How to group date periods together ?

James Conrad StJohn Foreman
Guest
 
Posts: n/a
#1: Jun 29 '06
[DB2 UDB LUW 8.2.4] I've got bookings per day in a table:

bkgdate bookings company
1/1/06 50 A
2/1/06 45 A
3/1/06 55 A
4/1/06 40 A
5/1/06 30 A
6/1/06 45 A
7/1/06 35 A
....

I want to segment this into blocks of days where there are at least 100
bookings in each block.

So the solution I want is along the lines of

date_segment startdate enddate (bookings)
1 1/1/06 3/1/06 150
2 4/1/06 6/1/06 115
....

So far I've managed to do

SELECT bkgdate, company,
sum(bookings) over (partition by company order by bkgdate) as
cume_bookings
FROM table1

which gives me

bkgdate cume_bookings
1/1/06 50
2/1/06 95
3/1/06 150
4/1/06 190
....

I was thinking about joining this result set to itself, but that
doesn't quite give me the results I want, and the SQL is getting more
and more convoluted. Is there a more obvious way to do this that I'm
missing?

Thanks


JCSJF


Tonkuma
Guest
 
Posts: n/a
#2: Jun 30 '06

re: How to group date periods together ?


I got the result this way.

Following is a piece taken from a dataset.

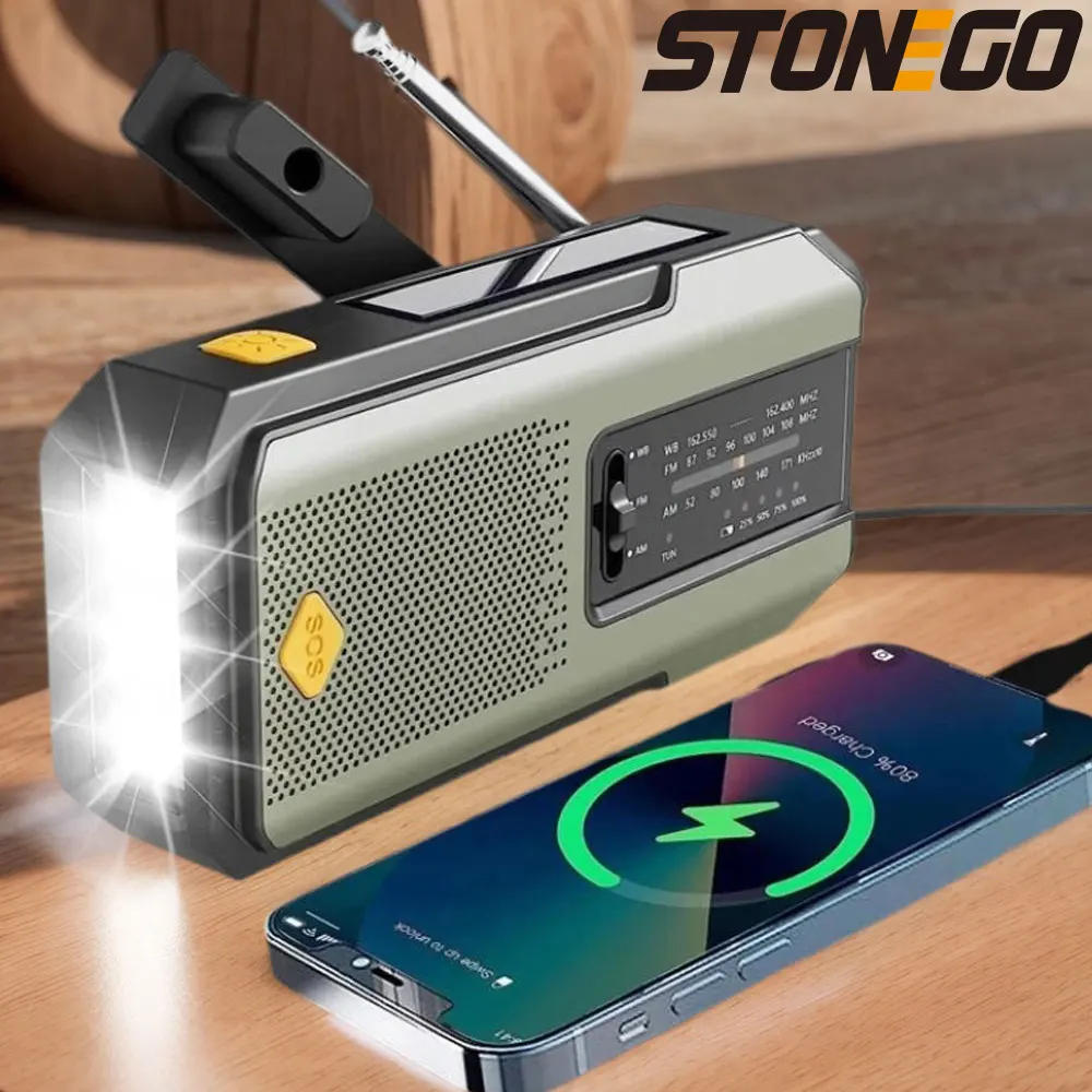 Radio solaire d'urgence Portable 4000mAh, charge à manivelle, Radio météo AM/FM...

But, I feel it too complex. Althogh, I tried
to simlify or modify some part of this code. I failed to simplify any
more. Are there anyone who could show more simple or easily
understandable way?

WITH Cum_bookings AS (
SELECT bkgdate
, bookings
, SUM(bookings) OVER(ORDER BY bkgdate
ROWS BETWEEN UNBOUNDED PRECEDING
AND CURRENT ROW
) AS bookings_cum
, ROWNUMBER() OVER(ORDER BY bkgdate) AS rn
FROM Bookings
)
,Ranges AS (
SELECT
MIN(startdate) AS startdate
, MIN(enddate) AS enddate
, MIN(bookings_cum) AS bookings_cum
, MIN(Lrn) AS Lrn
, Hrn
FROM (SELECT MIN(L.bkgdate) AS startdate
, MIN(H.bkgdate) AS enddate
, MIN( H.bookings_cum
- L.bookings_cum
+ L.bookings ) AS bookings_cum
, L.rn AS Lrn
, MIN(H.rn) AS Hrn
FROM Cum_bookings L
, Cum_bookings H
WHERE L.rn < H.rn
AND ( H.bookings_cum
- L.bookings_cum
+ L.bookings ) >= 100
GROUP BY
L.rn
) L
GROUP BY Hrn
)
SELECT INT(ROWNUMBER() OVER(ORDER BY startdate)) AS date_segment
, startdate
, enddate
, bookings_cum AS "(bookings)"
FROM Ranges R
WHERE EXISTS
(SELECT *
FROM Ranges E
WHERE E.Lrn = R.Hrn + 1)
OR EXISTS
(SELECT *
FROM Ranges E
WHERE E.Hrn = R.Lrn - 1)
;
--------------------------------------------------------------------

DATE_SEGMENT STARTDATE ENDDATE (bookings)
------------ ---------- ---------- -----------
1 2006-01-01 2006-03-01 150
2 2006-04-01 2006-06-01 115

2 record(s) selected.

--CELKO--
Guest
 
Posts: n/a
#3: Jun 30 '06

re: How to group date periods together ?


Can we start by putting the date in the proper format?
[color=blue][color=green]
>> bkgdate bookings company[/color][/color]
2006-01-01 50 A
2006-02-01 45 A
2006-03-01 55 A
2006-04-01 40 A
2006-05-01 30 A
2006-06-01 45 A
2006-07-01 35 A
....
I want to segment this into blocks of days where there are at least 100
bookings in each block. <<

What do you do about overlaps and subsets?

2006-01-01 2006-03-01 150
2006-02-01 2006-03-01 100 <== subset of first row
2006-03-01 2006-05-01 125
2006-04-01 2006-06-01 115 <== overlaps following row
2006-05-01 2006-07-01 110
etc.

Likewise, we could get "super blocks" like ('2006-01-01', '2006-04-01')
which meet the criteria, but are not minimal.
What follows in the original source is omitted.